I don’t think you are slow at getting started to understand but of course ‘knowing the right thing to do’ is easier than ‘doing the right thing’. I am a believer though that once you begin to read the addiction it is easier to spot the ‘clues’ and asking for £5 is one such clue. He knew if he asked for too much he wouldn’t get it so he went for a small amount hoping the door would open just enough to get his foot in – after all it worked before! His addiction is looking for chinks in your armour – he is aware you are getting stronger so he is adopting the more seductive approach – and you didn’t fall for it – well done.
It is a minefield at the beginning but look how well you did – because you didn’t pick up the phone and blast him, he couldn’t inflict more hurt, so you recovered quicker – ‘you’ were in control. The healing that gives you deep down positive feelings takes time – it is gradual and exhausting but ultimately it is a walk back to life.

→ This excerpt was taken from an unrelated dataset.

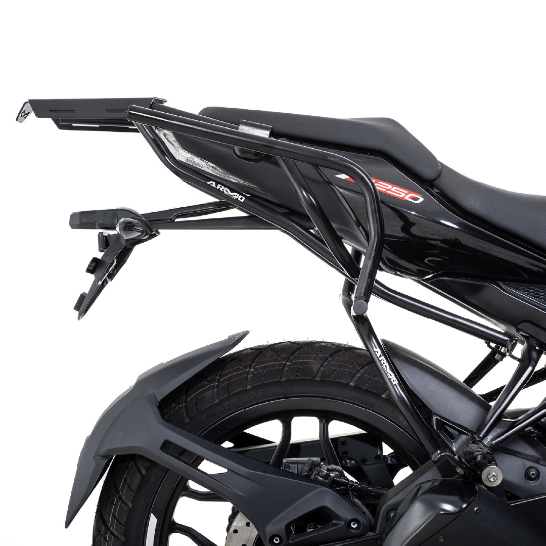 Parrilla trasera compatible con Pulsar N160 y N250, diseñada para la instalación de maleteros de forma segura y estable. Construida con materiales resistentes, soporta el peso del equipaje sin comprometer la estructura de la moto. Se adapta al chasis original, permitiendo una instalación rápida y sin modificaciones. Ideal para viajes, reparto o uso diario.
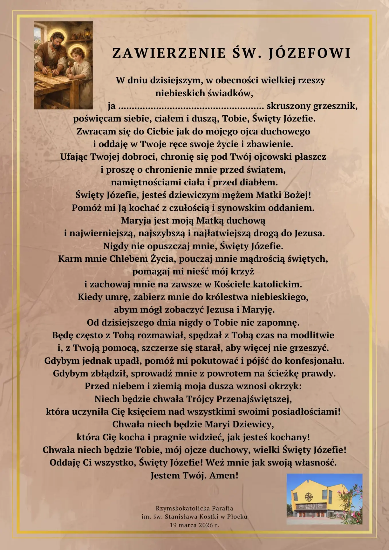 - Początek w sobotę 14.02.2026 r., Msza Święta na rozpoczęcie o godz. 20:00, kończymy uroczystym Aktem Zawierzenia w uroczystość św. Józefa w czwartek 19.03.2026 r. Mszą Świętą o godz. 20:00.

You are right that his behaviour is ridiculous and selfish but it should never be underestimated – it is dangerous and you are doing the right thing in shielding your daughter. I know you are holding back because of his addiction and not seeking to punish him but he will not believe that – it won’t suit him to believe it – he needs to blame you. He has the capability to be a good father, when he controls his life but at the moment he is out of control.
Telling him you love him will not have made matters worse – he maybe thought the enablement door was open again but you have scotched that thought; so if he does any deep thinking at all he can hear that you love him but you will not pander to his addiction – I can’t think of a better message.
Keep going as you are and keep seeing your friends. In my opinion, unless his mother tells you that she doesn’t want to speak to you, it is a good line to keep open especially as she is your daughter’s grandmother. The adults can all ‘move on’ (as he puts it) without you losing touch with his mother.
Everything you have written says that you are doing well.